The lay letter points out that the experience of poor people, and of different racial minorities, has been by no means uniform in the United States, and implicitly therefore raises the question of the “culture of poverty” and its impact on the needy. This is a subject which the bishops ignore, just as they ignore the equivalent questions with regard to the international order—are some poor nations less willing to take responsibility for their fate than others? why have some “third world” countries prospered since World War II, while others languish?
Third, as regards domestic policy, it is the lay letter which shows proper respect for the institution which Catholic social doctrine identifies as the most basic of all—the family. The lay commission points out that family breakdown is often a cause of poverty, whereas the bishops treat it merely as a result. It is the lay letter which affirms family integrity as a good in itself, and questions whether certain economic policies undermine it, while the bishops seem to treat family pathology as regrettable mainly because of its economic consequences.
Altogether, then, the lay letter insists that economics is not ultimate and that economic problems usually have roots beyond economics itself, while the bishops treat the economy, and economic goals, as autonomous, if not as primary.
Specific differences as to public policy are numerous but also fairly predictable, and can be summarized briefly. In general the bishops accept, largely without question, the essential thrust of liberal American policy over the past fifty years, and question only whether it has gone far enough, while the lay committee argues that bold new strategies are now called for and that the traditional ones have often been counter-productive.
Thus on the domestic front the bishops mainly desire the strengthening and the extension of the welfare state, along with concerted action by the government to stimulate the economy with an aim to creating full employment. The lay committee argues that such policies no longer work, if they ever did, and that the spirit of enterprise is America’s best hope for an economic growth which will bring prosperity to everyone.

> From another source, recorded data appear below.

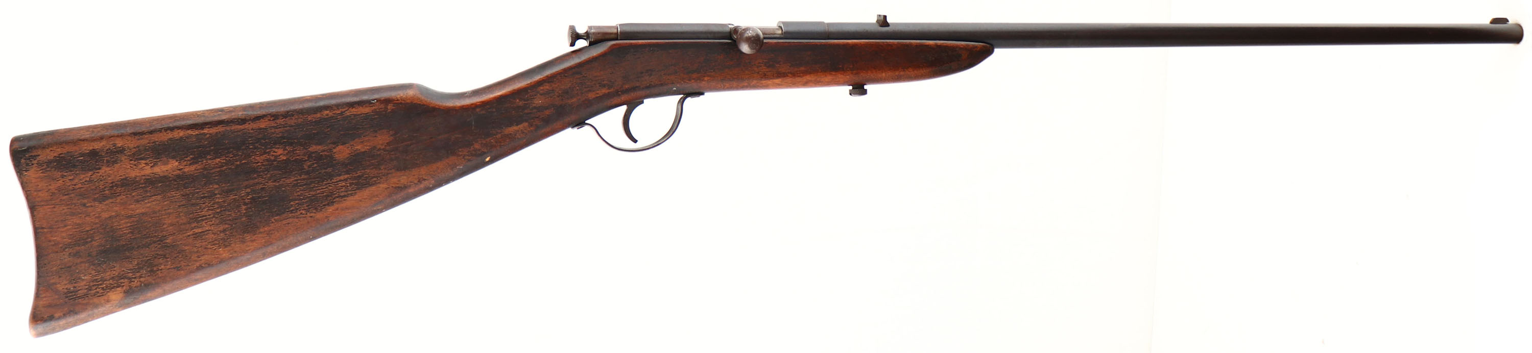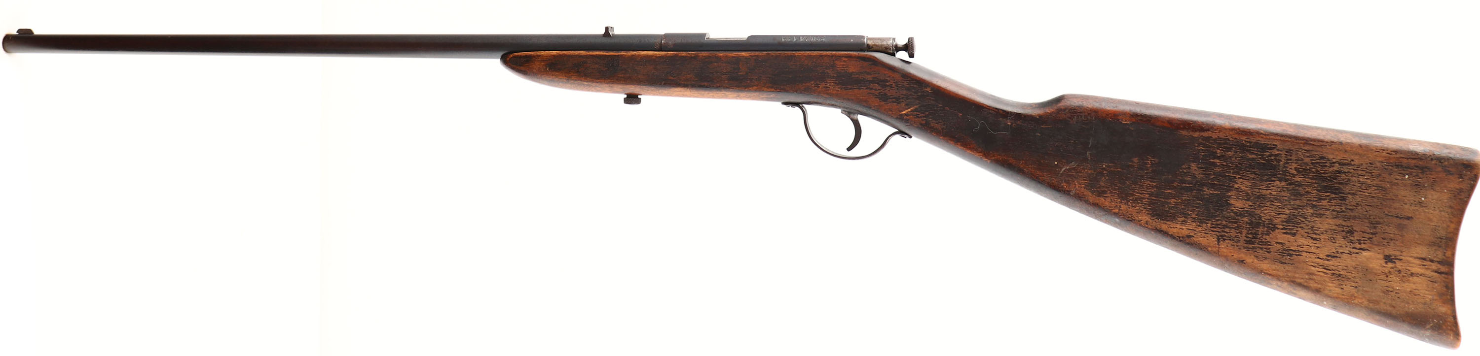 Page-Lewis Arms, Reliance - Model D, CAL: 22 S,L,LR, MFG: 1923-28, SN: NONE, Bolt Action Rifle, 20'' barrel. The straight grip flat board wood stock is very good & solid. There are minor scrapes & handling marks. The finish is heavily worn. The metal blue finish on the barrel rates 80%, with areas of thinning toning to a brown patina. Bore is good & bright, but with scarring & intermittent pitting. Fixed rear & blade front sights. Bolt handle spins freely in the bolt & has to line up correctly to close the bolt. Produced without a buttplate. FFL or C&R Req. - Value: 50 to 150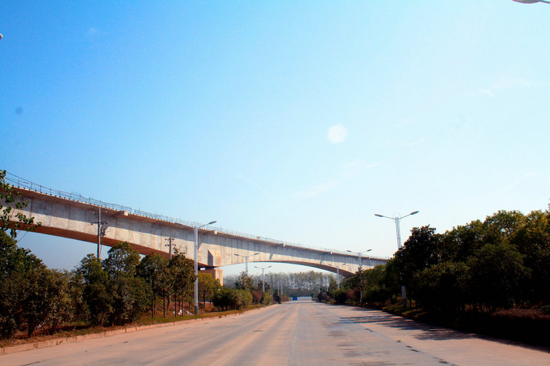 由武漢公司承建的新港鐵路3標項目,全長22.767公里,共有特大橋5座,各種大中小橋17座,其中繞城特大橋穿越陽邏城區(qū),上跨武漢繞城高速,沿途交通錯綜復雜,安全管理壓力大。全長1360米,共計34墩2臺,連續(xù)梁3跨,最大跨度115米?;A采用鉆孔樁基礎;橋墩為雙線圓端形實心橋墩,橋臺為矩形空心橋臺。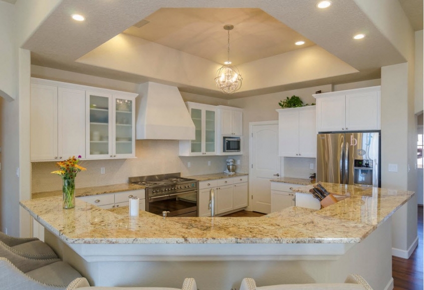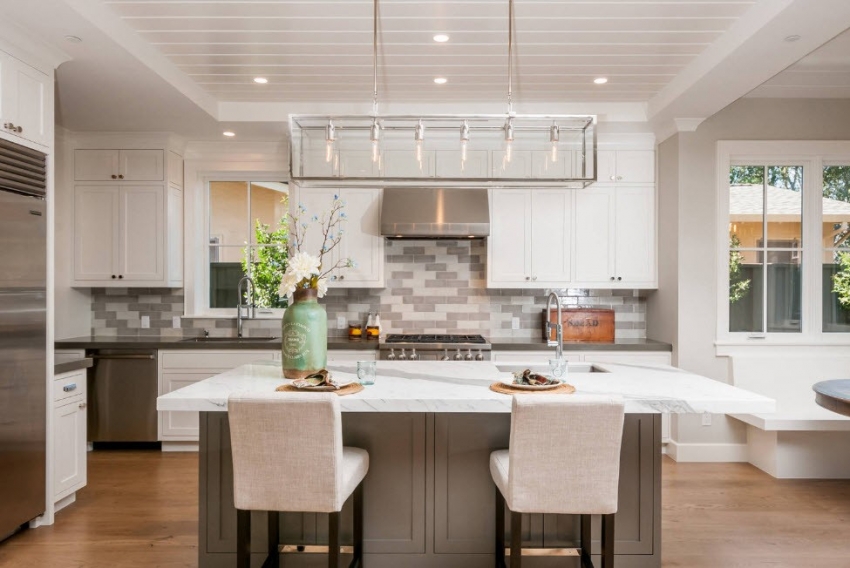 For example, if there is a need to make a suspended ceiling in the kitchen, the area of which can accommodate the cooking area, as well as the dining room. In this case, separation can be achieved by placing the ceiling covering at different levels, some color schemes, as well as the specifics of the location of the lighting.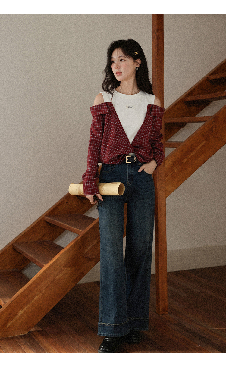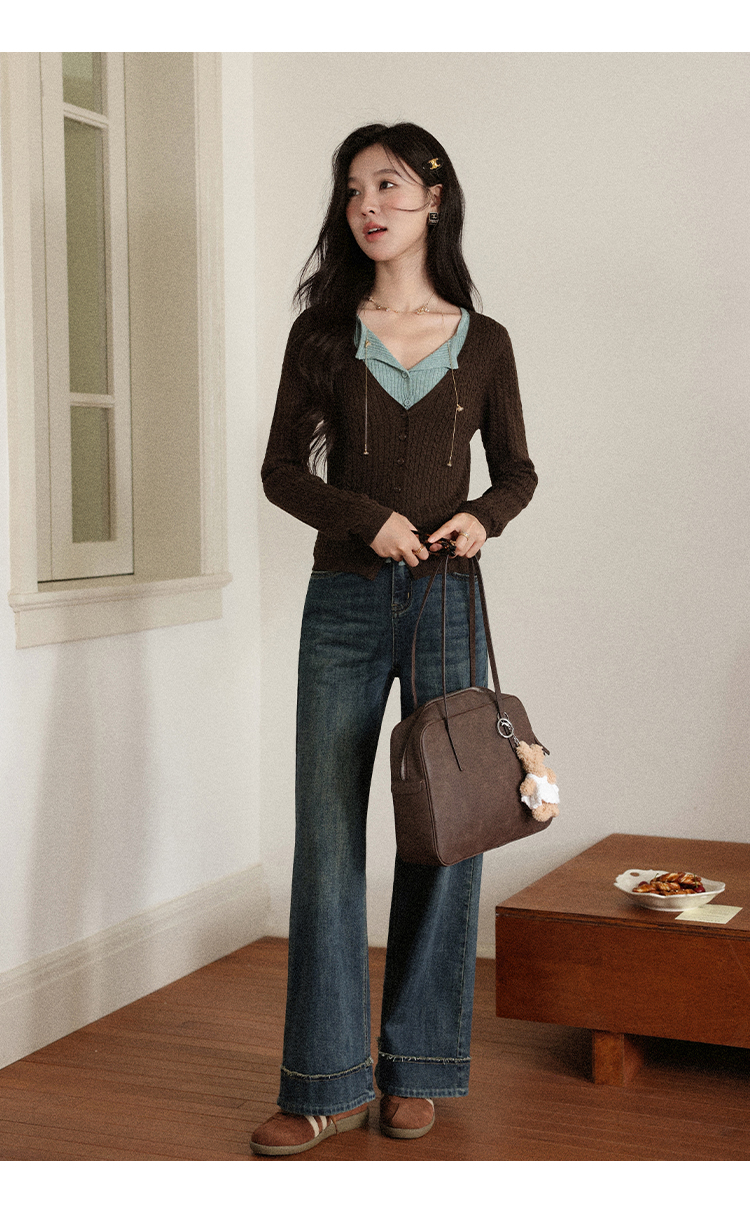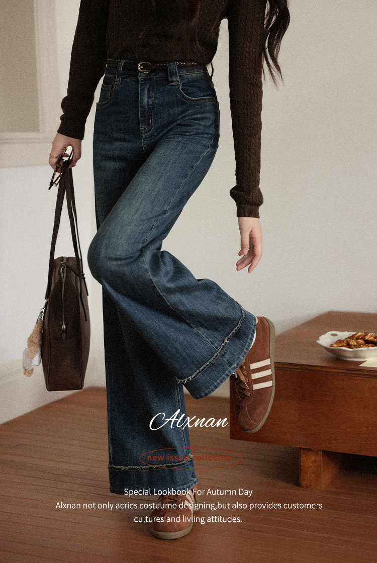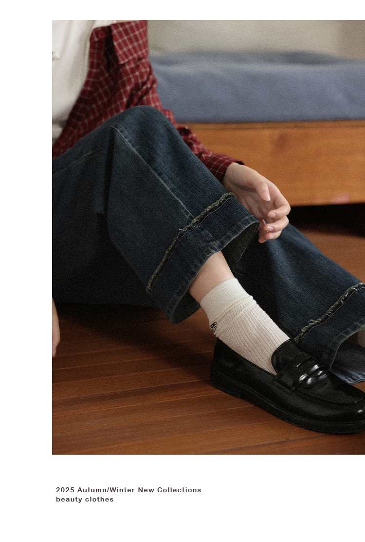 鹿向南「旧岁柔波」复古深蓝色牛仔裤女早秋新款休闲阔腿直筒长裤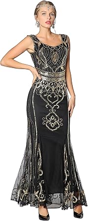 Amazon Com Metme Sequin Beaded Long Dresses Gatsby Theme Party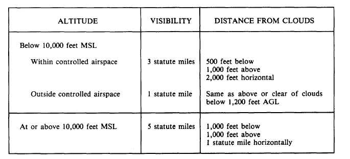 Visual Flight Rules Visibility and cloud clearance minimums for VFR flights are dependent on whether the flight is within or outside controlled airspace. Con-trolled airspaces are those areas in which some or all aircraft may be subject to air traffic control. Figure 5-2-3 lists the basic VFR minimums applicable to flights within or outside controlled airspace. Additional VFR weather minimums are as follows:1. At an airfield of departure, within the "control zone" the distance between the surface and the lowest "broken" or "over-cast" cloud layer (ceiling) must be at least 1,000 feet. However, some airfields require that the ceiling be greater than 1,000 feet. At those airfields requiring a higher ceiling, pilots are cleared using the higher, more stringent minimum. The DOD Flight Information Publication (IFR Supplement) lists IFR ceiling requirements in the remarks section on each airfield.NOTE A control zone" normally refers to a circular area around an airport (5-mile radius) and any extensions necessary to in elude instrument approach and departure paths.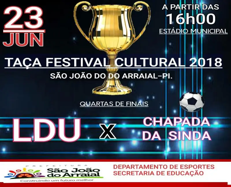 Nesse sábado (23), será realizada a quarta e última partida válida pelas quartas de finais da Copa Taça Festival Cultural 2018. O jogo terá início a partir das 16 horas, no Estádio Municipal de São João do Arraial, e será disputado entre as equipes do LDU e Chapada da Sindá, partida que era para ter sido realizada no último dia 09, e foi adiada.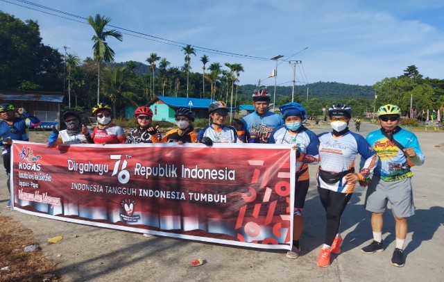 Jayapura – Berbagai cara unik dilakukan oleh masyarakat Indonesia menjelang peringatan HUT RI yang ke-75 tahun ini, termasuk salah satunya komunitas sepeda KO’GAS Jayapura ini.

Internationally, the bishops readily accept the image of “third world” nations as helpless victims of the more prosperous countries and call for expanded aid programs, easier loans, and revised trade patterns to redistribute wealth from north to south. The lay committee points to the striking differences between one “third world” nation and another and argue that the key to overcoming poverty lies primarily within each nation, specifically in the attitudes and habits of its people and its government.
At least formally, the two documents agree on goals—the alleviation of poverty both at home and abroad and the pursuit of policies geared to those ends. They are rather sharply at odds, however, on what those policies should be. Obviously the bishops are not ignorant of the wider moral perspective which can be found in the lay, letter, but for whatever reason they have chosen not to incorporate it into their own document.
The bishops’ letter does convey a certain sense of moral urgency, insisting that dire poverty and injustice are unacceptable to Christians, and its greatest strength is its unflinching insistence that every kind of public policy must be rigorously scrutinized with regard to its affects on the poor. By contrast, the lay committee’s letter can be regarded as somewhat speculative, arguing the probably beneficent results of policies most of which are unproven, given the dominance of the welfare state for the past fifty years.
Not for the first time, however, does it appear that the bishops, in their concern to be contemporary, have lent their authority to a phase of modem history which is already rapidly passing, and have been forced to ignore much of what is best in their own tradition in order to do so.